Of 609 RF attacks, 16 (2.6%) had occurred in the first 5 years of life, with a mean age of 4.69 ± 0.48 (range: 43–59 months). The male/female ratio (1.0 [8 girls, 8 boys]), carditis and arthritis rates (50.1% and 62.5%), and isolated carditis and isolated arthritis rates (37.5% and 50%) did not differ from those of 593 attacks that occurred after 5 years of age (male/female: 1.0; carditis and arthritis rates: 46.2% and 61.4%; isolated carditis and isolated arthritis rates: 32.5% and 48.1%). The severity of carditis was also similar among cases with carditis in both groups (moderate to severe carditis: 28.6% of the 16 attacks occurring at a younger age vs 36.8% of the attacks occurring after the age of 5 years). Therefore, unlike the study by Tani et al, we cannot conclude that arthritis tends to be isolated, nor can we say that carditis tends to be moderate to severe in RF cases occurring at <5 years of age. In our study, the only difference between the 2 groups was regarding chorea, which was not seen in any of the 16 attacks, whereas 7.1% of the rest of the attacks involved chorea. In the mentioned study, 11% of the children <5 years of age had chorea, which was significantly lower than the chorea rate of older patients.

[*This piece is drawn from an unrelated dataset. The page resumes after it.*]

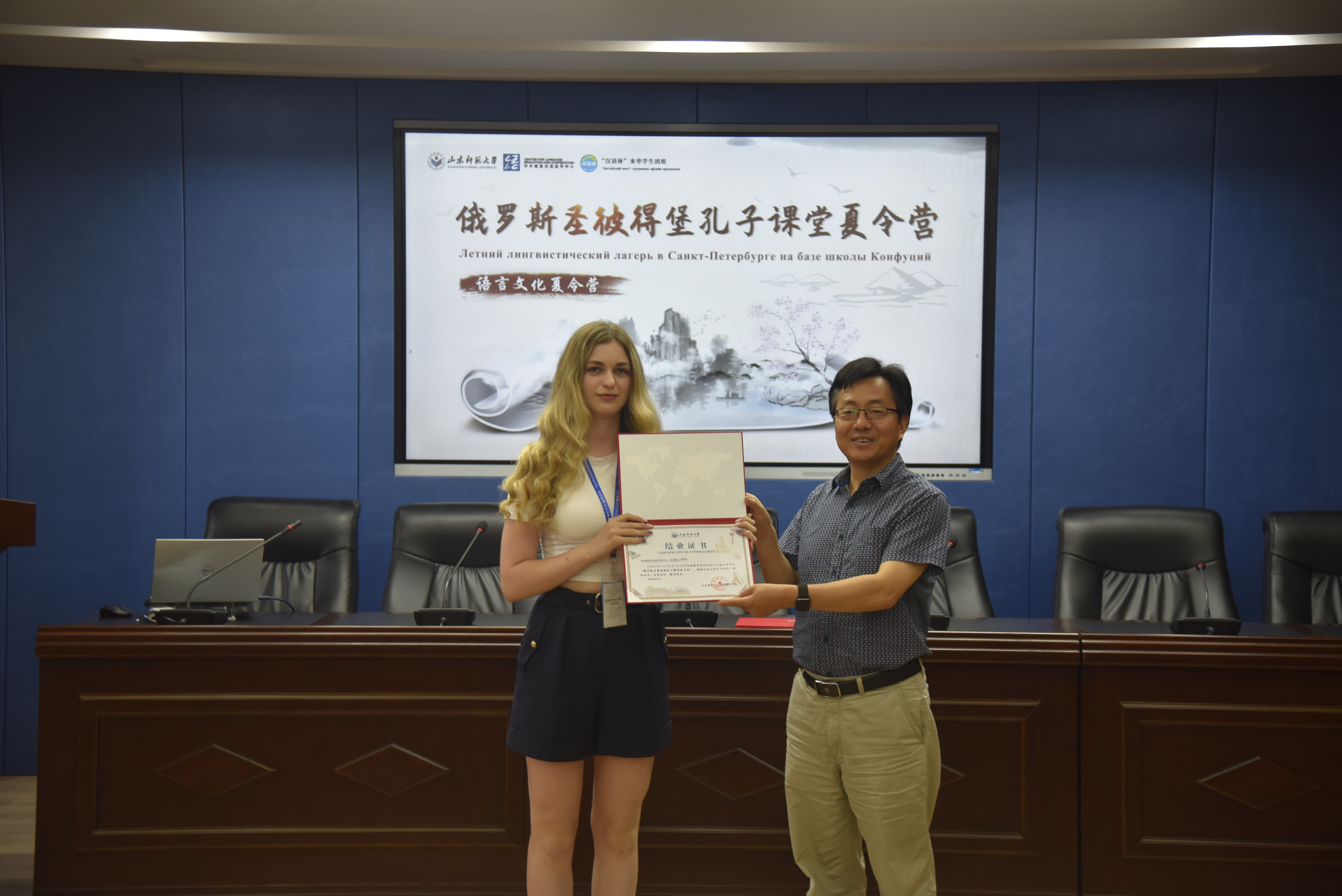 在欢乐的氛围中,结营仪式也走向了最后一项。山东师范大学国际教育学院院长马茂祥,为全体夏令营营员颁发结营证书,并分别合影留念。

As Tani et al stated in their report, the occurrence rate of RF under the age of 5 years differs from 1 study to another.2–4 Although our sample size was as large as that of the Tani et al study, the rate we found is almost half the rate that they reported (2.6% vs 5%). Therefore, the inconsistent results in the literature do not seem to be resolved by making studies involving large series; rather, the awareness of pediatricians of RF in patients <5 years old determines these reported rates. No matter what the incidence is, studies such as ours show that RF occurs in these young children, and if it goes unnoticed, sequelae from reactivations caused by the lack of prophylaxis seem inevitable for these patients.

REFERENCES

  • Copyright © 2004 by the American Academy of Pediatrics
  • Massell BF, Fyler DC, Roy SB. The clinical picture of rheumatic fever. Diagnosis, immediate prognosis, course and therapeutic implications. Am J Cardiol. 1958. 1:436-39. [Medline].

  • Parks T, Smeesters PR, Steer AC. Streptococcal skin infection and rheumatic heart disease. Curr Opin Infect Dis. 2012 Apr. 25(2):145-53. [Medline].

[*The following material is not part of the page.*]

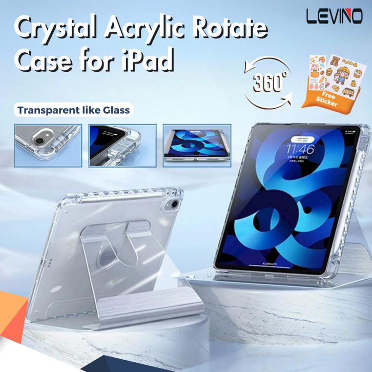 New ! Rotating Acrylic Crystal Case For iPad Gen 7/8/9/10 Pro 11" M1/M2 Air4/Air5 2021/2022 Air M2 11inch 2024

  • Pickering LK. Rheumatic fever. 2009 Red Book: Report of the Committee on Infectious Diseases. 28th ed. Elk Grove Village, Ill: American Academy of Pediatrics; 2009. 616-628.

  • Veasy LG, Wiedmeier SE, Orsmond GS, et al. Resurgence of acute rheumatic fever in the intermountain area of the United States. N Engl J Med. 1987 Feb 19. 316(8):421-7. [Medline].

  • Breda L, Marzetti V, Gaspari S, Del Torto M, Chiarelli F, Altobelli E. Population-based study of incidence and clinical characteristics of rheumatic Fever in abruzzo, central Italy, 2000-2009. J Pediatr. 2012 May. 160(5):832-836.e1. [Medline].

  • Orün UA, Ceylan O, Bilici M, Karademir S, Ocal B, Senocak F. Acute rheumatic fever in the Central Anatolia Region of Turkey: a 30-year experience in a single center. Eur J Pediatr. 2012 Feb. 171(2):361-8. [Medline].

  • Seckeler MD, Hoke TR. The worldwide epidemiology of acute rheumatic fever and rheumatic heart disease. Clin Epidemiol. 2011 Feb 22. 3:67-84. [Medline]. [Full Text].

  • Marijon E, Ou P, Celermajer DS, Ferreira B, Mocumbi AO, Jani D, et al. Prevalence of rheumatic heart disease detected by echocardiographic screening. N Engl J Med. 2007 Aug 2. 357(5):470-6. [Medline].

  • [Guideline] Guidelines for the diagnosis of rheumatic fever. Jones Criteria, 1992 update. Special Writing Group of the Committee on Rheumatic Fever, Endocarditis, and Kawasaki Disease of the Council on Cardiovascular Disease in the Young of the American Heart Asso. JAMA. 1992 Oct 21. 268(15):2069-73. [Medline].

  • Bas HD, Baser K, Yavuz E, Bolayir HA, Yaman B, Unlu S. A shift in the balance of regulatory T and T helper 17 cells in rheumatic heart disease. J Investig Med. 2014 Jan. 62(1):78-83. [Medline].

  • Eriksson JG, Kajantie E, Phillips DI, Osmond C, Thornburg KL, Barker DJ. The developmental origins of chronic rheumatic heart disease. Am J Hum Biol. 2013 Sep-Oct. 25(5):655-8. [Medline].

  • [Guideline] Reményi B, Wilson N, Steer A, Ferreira B, Kado J, Kumar K. World Heart Federation criteria for echocardiographic diagnosis of rheumatic heart disease--an evidence-based guideline. Nat Rev Cardiol. 2011. 9(5):297-309. [Medline].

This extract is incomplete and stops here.